Big Data, Artificial Intelligence, and the Promise of Precision Medicine: A Johns Hopkins Collaboration to Develop the Precision Medicine Analytics Platform
Abstract
Despite advances in knowledge and technology, approaches to health care discovery and delivery have not broadly kept pace with those advancements. While there have been notable improvements in shaping diagnosis and treatment resulting from knowledge made available through advances in technology, the field generally uses broad population characteristics as the basis for determining the health of, and how to treat, individuals. Today, with the confluence of big data and artificial intelligence (AI), we have an opportunity to tailor diagnoses and treatments precisely as needed for an individual—in other words, to practice precision medicine.
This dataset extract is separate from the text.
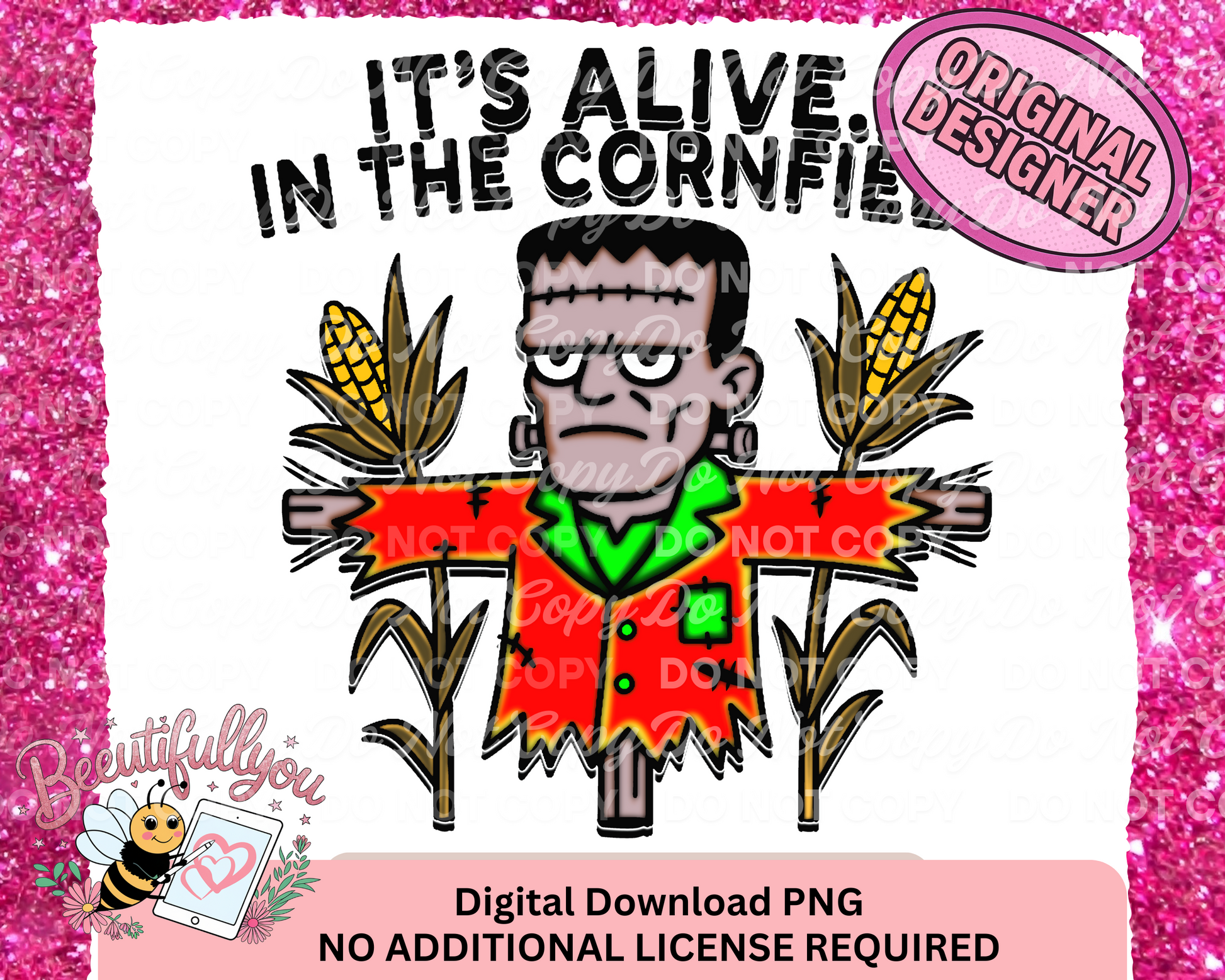 Your fields just got freaky! This hilarious “It’s Alive in the Cornfield” digital design features a stitched-up Frankenstein scarecrow surrounded by corn stalks—perfect for your spooky fall creations. Great for tees, signs, bags, and more!

The Johns Hopkins University Applied Physics Laboratory (APL) and Johns Hopkins Medicine (JHM), in partnership with the Bloomberg School of Public Health, Johns Hopkins Information Technology, and others across the institution, are working to usher in this new paradigm. These organizations jointly developed the Precision Medicine Analytics Platform (PMAP). This platform pulls data from many sources, aggregates the data, and then provisions needed data to approved researchers in a secure environment where they can apply advanced techniques and other tools to analyze the data. The guiding vision is to create and sustain the ability to accelerate gaining knowledge and value from data and from closing the loop between discovery and delivery, ultimately reducing health care costs and improving patient outcomes.